Pareto Analysis Curve with reference lines

by Erica Hughes

Pareto Analysis is used in business to compare the impact of one variable on another variable. It is based on the 80/20 rule – often businesses will find that 80% of an output variable comes from 20% of an input variable.

In a positive sense, a company might be able to identify that 80% of their profits are derived from just 20% of the products they sell. In a negative sense, a company might see that 80% of complaints can be traced back to just 20% of their stores.

This information can be very useful in decision making.

So how can we use Tableau to investigate something like this?

Step 1: What variables do you want to investigate?

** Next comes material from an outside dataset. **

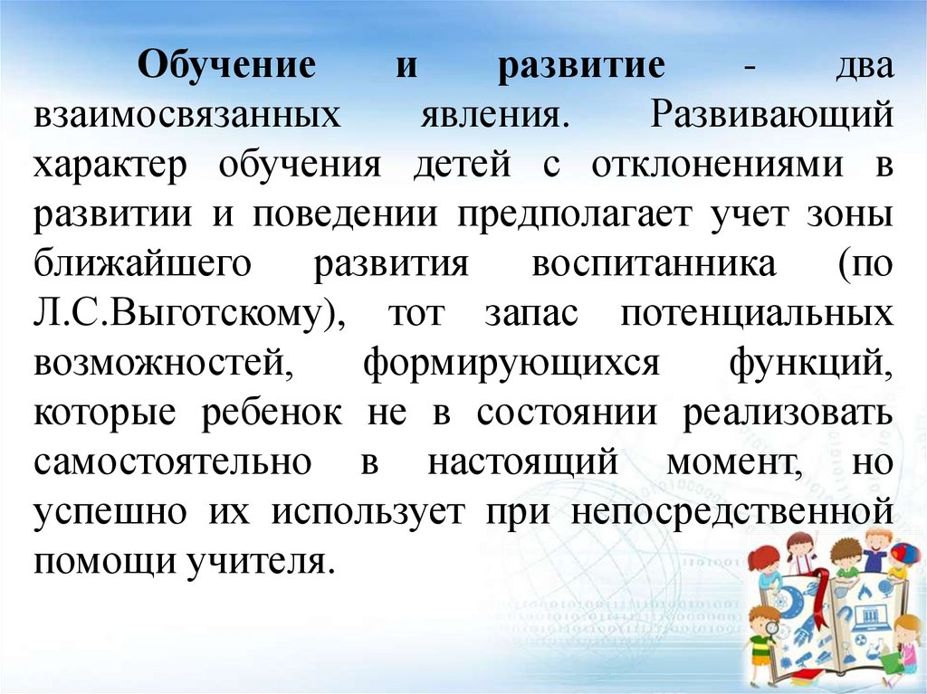 в обучении, с недостатками в умственном и

In this example we will use the Superstore dataset to compare Sales (output variable) with number of Products (input variable) and see if they follow Pareto’s Principle. Does the store earn 80% of its Sales value from its top 20% of Products?

If you would like to apply this to a different situation, replace ‘Sales’ with your OUTPUT variable and ‘Product Name’ with your INPUT variable.

Step 2: Create a simple bar chart – Drag the ‘Product Name’ dimension onto the Columns shelf (If you get a warning message, you can select ‘Add all members’). Drag the ‘Sales’ measure onto the Rows shelf – Tableau will automatically sum these together. Fit the chart to the Entire View.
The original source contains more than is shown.